With a Labour government looking increasingly likely after last week's 'fiscal event', the policy announcements at this week's party conference have taken on a new significance.
Shadow Northern Ireland Secretary Peter Kyle didn't disappoint in that respect, stating that he would set out the criteria for a referendum on Irish Unity if Labour were to come to power. That drew sharp criticism from some unionists, who called for him to retain an element of ambiguity.

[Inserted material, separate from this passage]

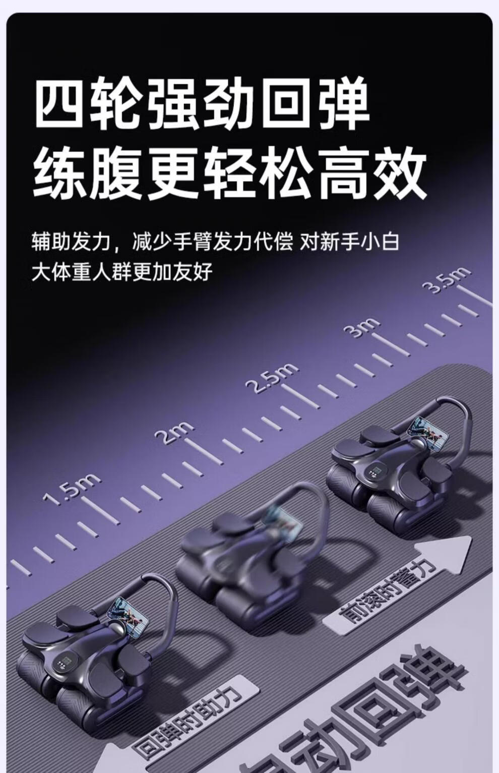 FAV MARTHA Germany four-wheel abdominal fitness wheel automatic rebound abdominal curling abdominal muscle magic tool men's fitness elbow support type limited edition - black four-wheel four elbow support smart APP

The Good Friday Agreement is notably vague, stating only that the Northern Ireland Secretary shall call a poll 'if at any time it appears likely to him that a majority of those voting would express a wish that Northern Ireland should cease to be part of the United Kingdom and form part of a united Ireland.'
The Belfast Newsletter argues that 'this gives wide discretion to the incumbent secretary of state. It is essential that this discretion is kept wide. Every other aspect of the process favours separatists.'
However, ambiguity has it risks for unionists as well as nationalists. For one thing, it leaves open the possibility that the tests have already been met. The Belfast Telegraph reports that former Northern Ireland Secretary Sean Woodward 'claimed there is a nationalist majority in the Stormont Assembly, a majority of Catholics in the population and opinion polls suggesting people want to have their say.' It is arguably the most British of constitutional criteria that favour nationalists most. At the last Westminster election they won nine seats to unionism's seven. With one seat going to Alliance this was a plurality rather than an absolute majority.
Nevertheless, the current ambiguity might give an incoming Secretary of State scope to call a referendum on their first day in office, as well as to delay one indefinitely. That is surely untenable.
Some party members would like Labour to go further and campaign for Irish unity. I don't believe I am alone, even among Labour supporters of Irish unity, in thinking this would be a step too far. There is dubious benefit in a British party being drawn into boosterism on an issue the Good Friday Agreement remits to the 'people of the island of Ireland alone, by agreement between the two parts respectively and without external impediment.' The turbulent relationship between unionism and the Conservative Party is sufficient illustration of the dangers.
The right role for Labour is to defend the Good Friday Agreement, and facilitate the dialogue it allows for.
For Northern Ireland's immediate future, Kyle's most important comment was that 'a Labour government would deliver rapid deals with the EU on the flow of goods, the sharing of data, and making it easier for agricultural products to move around the UK and the island of Ireland.' That implies a degree of UK-EU alignment that the current government would not countenance, bypassing the zero-sum impasse between unionism and nationalism over the Northern Ireland protocol, and potentially restoring devolution.
In the short term, the interesting question is whether this incentivises the Truss government to pre-empt Labour with their own solution.